---
title: AgentDebugger Env 🐛
emoji: 📈
colorFrom: yellow
colorTo: green
sdk: docker
app_port: 8000
pinned: false
---

# AgentDebuggerEnv 🐛

> **Benchmarking Agentic Reasoning through the Iterative Hypothesis-Test-Fix Loop.**

An OpenEnv-compliant environment designed for the **Meta + PyTorch + HuggingFace OpenEnv Hackathon**. Unlike static code-repair benchmarks, **AgentDebuggerEnv** focuses on the *trajectory* of an agent's reasoning—measuring how effectively an agent forms hypotheses, observes failures, and iterates toward a solution in a live execution sandbox.

---

## 🚀 Overview

Debugging is one of the highest-leverage cognitive tasks in software engineering. Modern LLM agents often struggle with:
-   **Red Herrings**: Following misleading error messages to the wrong function.
-   **Stagnant Iteration**: Repeating the same failed fix attempt instead of updating their hypothesis based on new output.
-   **Concurrency Failures**: Failing to detect or fix non-deterministic bugs (race conditions).

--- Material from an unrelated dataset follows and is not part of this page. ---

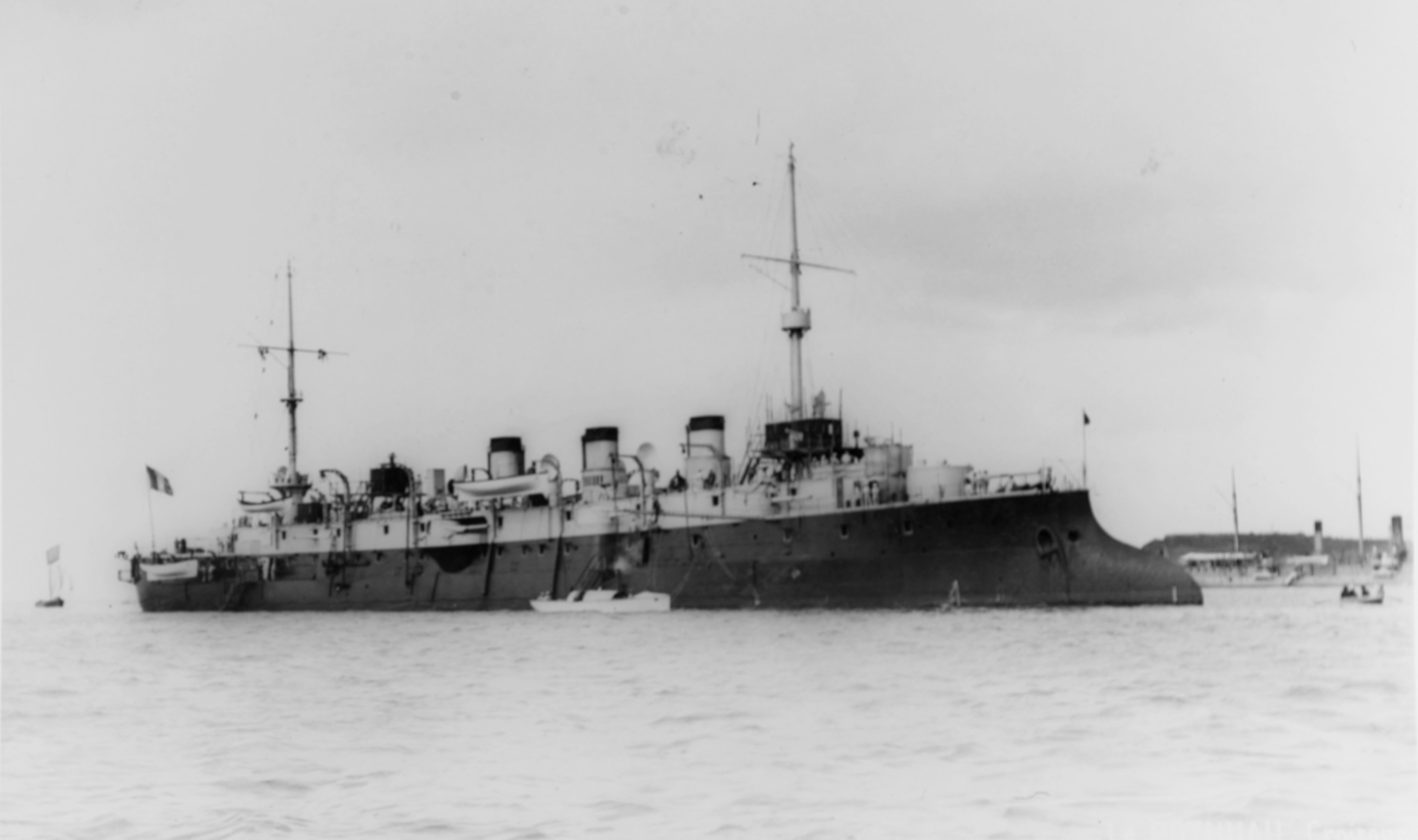 French armored cruiser Pothuau at anchor

**AgentDebuggerEnv** makes these failures measurable and scorable. The environment provides a live, sandboxed feedback loop where agents submit complete code fixes and receive real-time execution results.

---

## 🛠️ Core Mechanics: The Feedback Loop

The environment follows the standard OpenEnv interface (`reset`, `step`, `state`) but enforces a strict **Hypothesis-Test-Fix** cycle:

1.  **Hypothesis**: The agent must state its theory about the bug before every fix attempt. 
2.  **Execution**: The submitted code is executed in a secure sandbox with hard timeouts.
3.  **Observation**: The agent receives the actual `stdout` + `stderr` from the test suite, not just a binary pass/fail.
4.  **Reward**: Dense reward signal is provided at every step, scaling with test progress and hypothesis accuracy.

---

## 📁 Tasks & Difficulty

The environment includes three standardized tasks designed to test different facets of agentic reasoning:

| Task | Difficulty | Core Challenge |
| :--- | :--- | :--- |
| **Easy** | Easy | **Off-by-One**: Simple logic bug with an explicit, high-signal error message. |
| **Medium** | Medium | **Red Herring**: Interdependent functions where the error manifests far from the root cause. |
| **Hard** | Hard | **Race Condition**: A concurrency bug that is invisible to sequential tests. Agent must design a concurrent test to surface it. |

---

## ⚙️ How It Works (Spec Compliance)

### Data Models
- **Observation**: Includes `buggy_code`, `test_suite`, `previous_attempts` (full history), and `current_error_output`.
- **Action**: Supports `submit_fix` (requires `hypothesis`), `query_context` (for deeper code analysis), and `give_up`.
- **Reward**: A multi-component reward including `test_progress`, `hypothesis_match`, and `efficiency_bonus`.

### Infrastructure
-   **FastAPI**: Exposes standard endpoints on port 8000.
-   **Docker**: Fully containerized and ready for HuggingFace Spaces.
-   **Security**: Robust AST-based filtering to prevent malicious code escape.
-   **Baseline Script**: Includes a reference `inference.py` script that uses the OpenAI client for benchmark evaluation.

---

## 📦 Quick Start

### Installation
```bash
git clone https://huggingface.co/spaces/shashaank/agentdebugger-env
cd agentdebugger-env
pip install -r requirements.txt
```

### Running Locally
```bash
# Start the environment server
uvicorn env.server:app --host 0.0.0.0 --port 8000

# Run the baseline inference (requires API key)
export API_BASE_URL="https://api.openai.com/v1"
export MODEL_NAME="gpt-4o"
export HF_TOKEN="your_key_here"
python inference.py
```

---

## 📊 Benchmarking Results (GPT-4o Baseline)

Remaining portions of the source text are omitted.